# Is this an unofficial FA mirror?



## Cloudchaser (Nov 9, 2012)

Googled for an artist who did guest art for a furry webcomic I keep up with and this came up in the results, which was surprising to me since FA is not supposed to be searchable by Google.

http://imiak.furaffinity.net

I've never heard of it before.  I know what sfw.furaffinity.net is, but not imiak.furaffinity.net.  Is it an unofficial mirror?


----------



## CannonFodder (Nov 9, 2012)

It's probably just one of the servers.


----------



## Devious Bane (Nov 9, 2012)

You can put anything in front of "Furaffinity.net" and do that.

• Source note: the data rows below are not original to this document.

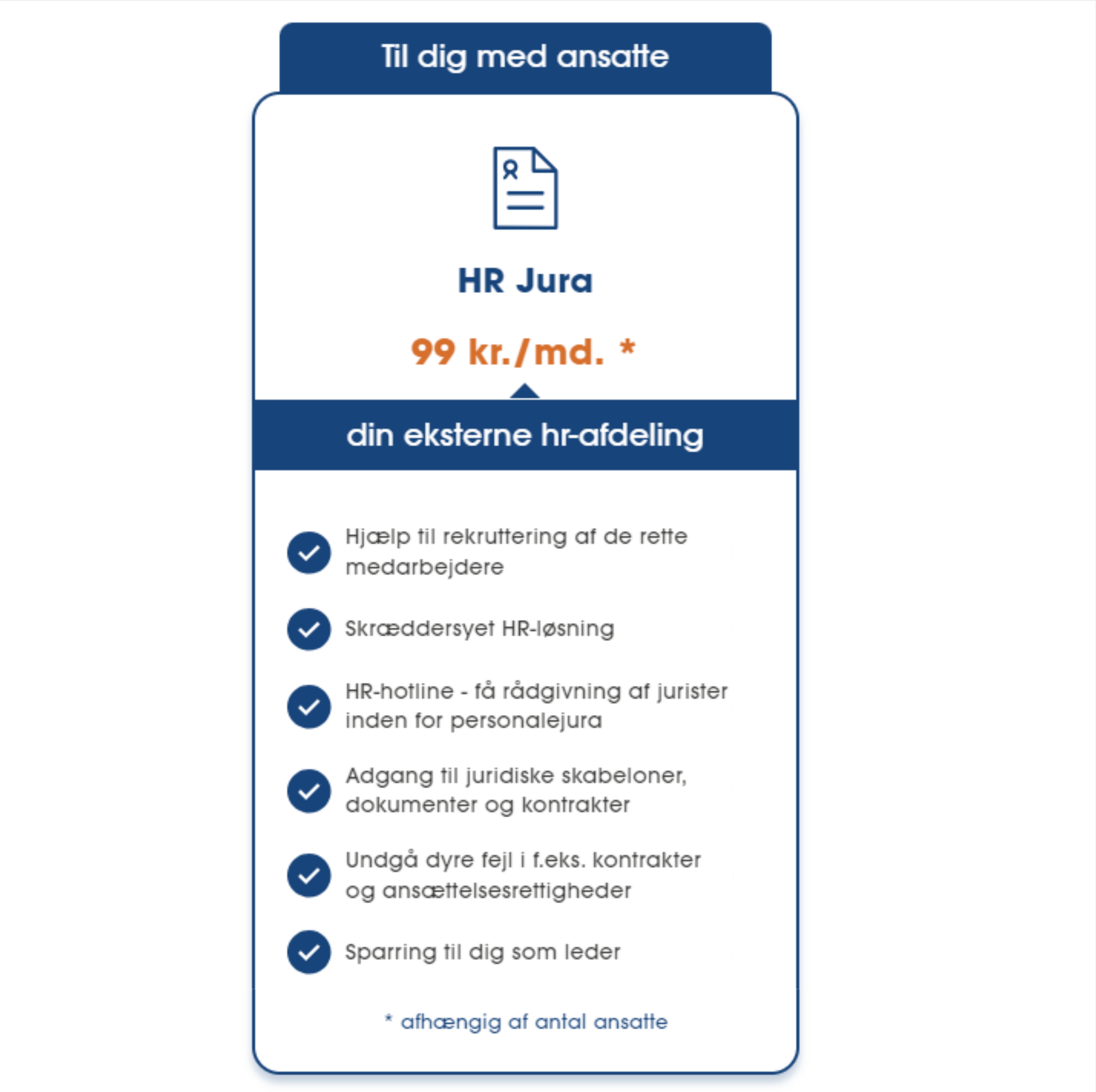 HR Jura er særligt til dig, der har ansatte og gerne vil have en ekstern HR-afdeling, som f.eks. kan rådgive om rekruttering, medarbejderforhold, overholdelse af love og vejlede i, hvad der er bedste praksis. Ases jurister sidder klar til at hjælpe og vejlede dig.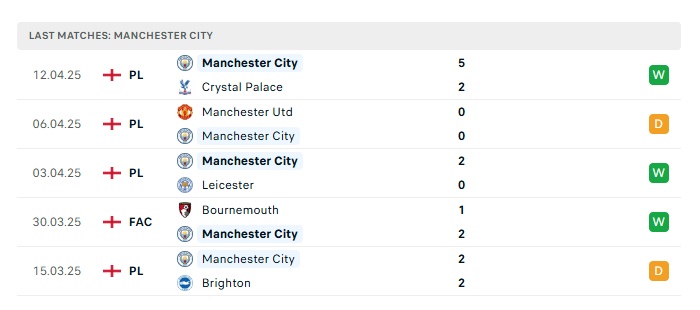 • Phong độ gần đây Man City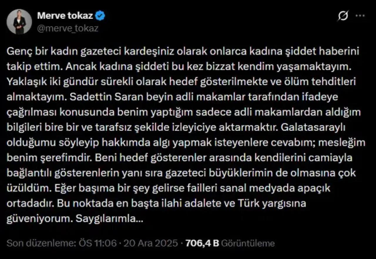 Fenerbahçe Spor Kulübü Başkanı Sadettin Saran’ın uyuşturucu soruşturması kapsamında ifadeye çağrılmasını kamuoyuna duyuran CNN Türk muhabiri Merve Tokaz, yaptığı haber nedeniyle hedef gösterildiğini ve ölüm tehditleri aldığını açıkladı. Tokaz, sosyal medya üzerinden yaptığı paylaşımda can güvenliğinin olmadığını belirterek, tehditlerin faillerinin açıkça ortada olduğunu vurguladı.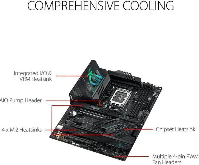 Optimized VRM Thermals: Massive heatsinks with integrated I/O cover, high-conductivity thermal pads, and connected with an L-shaped heatpipe.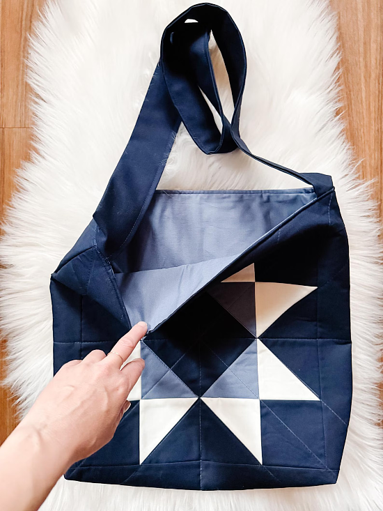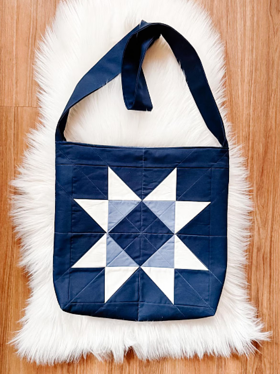 A classic Sawtooth Star block shines on this eye-catching tote bag. The bag is sturdy, practical, and satisfying to make.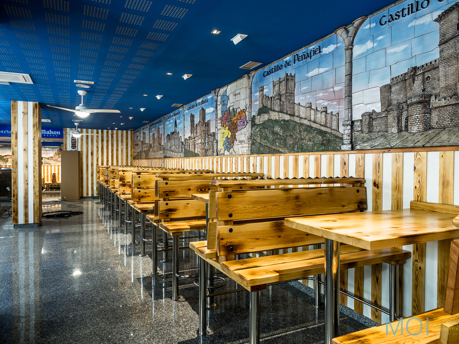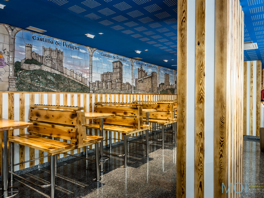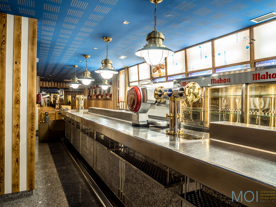 En una de sus primeras actuaciones, MOI colaboró en el equipamiento de la Nueva Mejillonera de Valladolid. Un local mítico que se ha trasladado de ubicación para ofrcer más espacio y una mejor atención al cliente pero buscando mantener exactamente la estética del local original.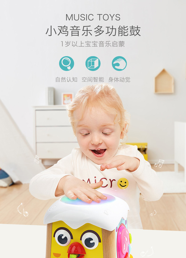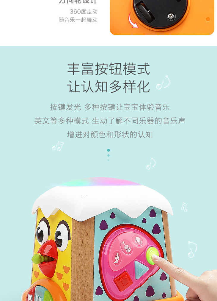 【1岁以上宝宝音乐启蒙】小鸡音乐多功能鼓 儿童小孩宝宝手敲拍打鼓六面体音乐益智玩具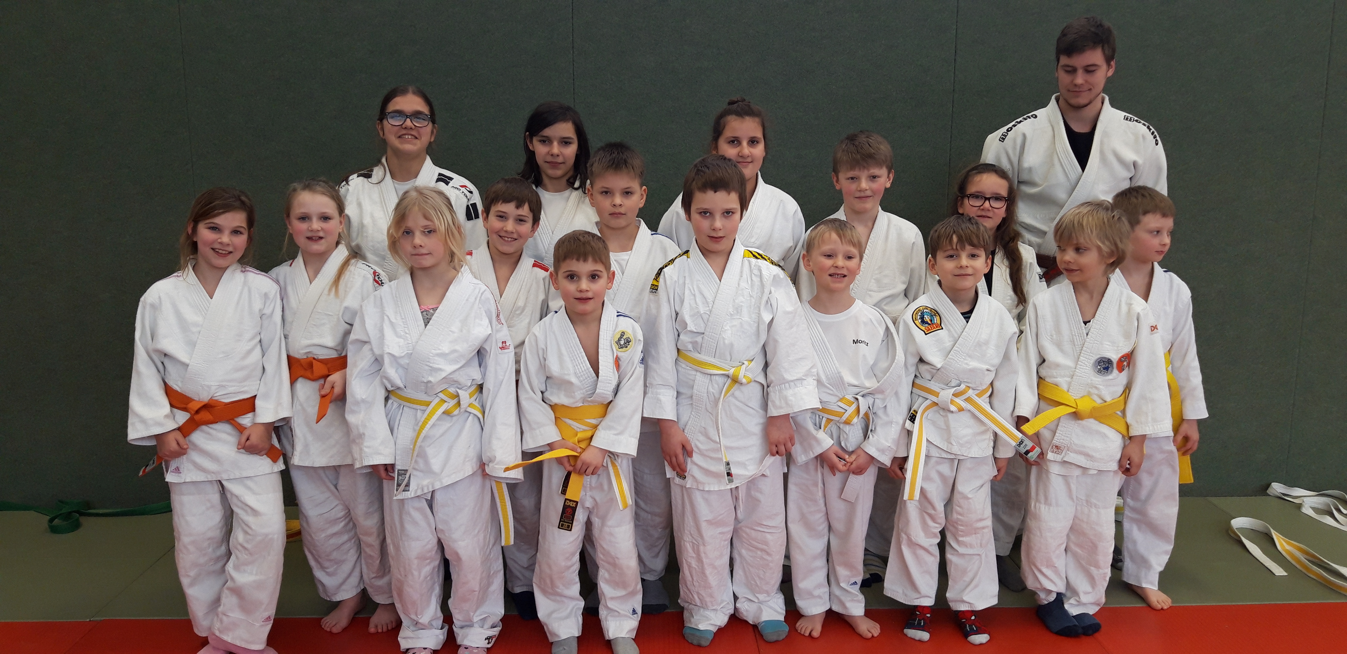 Die meisten Kinder schlafen sich so richtig aus, in den Ferien. Nicht so, 25 Judoka des Döbelner SC, die sich ab 8:30 Uhr in der Turnhalle der Grundschule Ostrau trafen. Sie trainierten täglich bis zu vier Stunden um sich für die nächst höherer Gürtelstufe vorzubereiten. Für Edgar Thiele, Tristan Moche, Moritz Schlafge und Emil Beier war es die erste Prüfung für den weiß – gelben Gürtel. In den verschieden Aufgabenbereichen zeigte sie, wie man richtig fällt, wie man jemanden aus dem Gleichgewicht bringt um ihn zu werfen, dabei richtig sichert, damit sein Partner sich nicht verletzt. Jeder Griff muss sitzen im Bodenprogramm als auch im Stand und wurde unzählige Male wiederholt. Sarah Lorenz hingegen schon ein alter Haudegen. Sie bereitete sich mit ihrer Schwester Anna auf den 2. Kyu – Grad vor, den blaue Gürtel. Während Anna ihr Prüfung im Dezember des vergangen Jahres bestand, wussten beide was auf sie zukommt. Wenn alle nach Hause gingen, durften sie noch eine Stunde hintenan hängen, um für die KATA zu üben. Eine besondere Form der Demonstration von festgelegten Techniken aus der Gruppe der Fußwürfe. Für alle hatte sich die Mühe in dieser Woche gelohnt. Aufregung und Lampenfieber gab´s vor jeder Prüfung, wenn man dran war, was man eben noch wusste, war bei einigen manchmal auf einmal weg. Nur gut, dass man einen Uke hatte, der dann einen aus der Patche half und irgendetwas flüsterte, was man einfach mal kurz vergessen hatte. Dank auch den Partnern (Uke) die in dieser Zeit die Judowerte, wie Freundschaft, Hilfsbereitschaft, Ernsthaftigkeit und Wertschätzung, um nur einige zu nennen, gelebt haben wie Jasmin Witschel, Vanessa Liske, Linda Munzig und Anna Lorenz.

Example:

http://stupid.furaffinity.net/
http://retarded.furaffinity.net/
http://crap.furaffinity.net/
http://courtesy.furaffinity.net/
http://of.furaffinity.net/
http://lazy.furaffinity.net/
http://design.furaffinity.net/
http://thankyou.furaffinity.net/


----------



## Cloudchaser (Nov 9, 2012)

That's odd, I didn't know it would do that.  Doesn't work with other sites.  Something in FA's coding?


----------



## Devious Bane (Nov 9, 2012)

Cloudchaser said:


> Something in FA's coding?


Also used to result in same strange bug that would make you appear as a guest, but since that much was patched I would assume it's deliberately part of the site's construct.


----------



## ab2525 (Nov 11, 2012)

http://thanks.for.visiting.furaffinity.net/?don't.let.the.door.hit.you.on.the.way.out


----------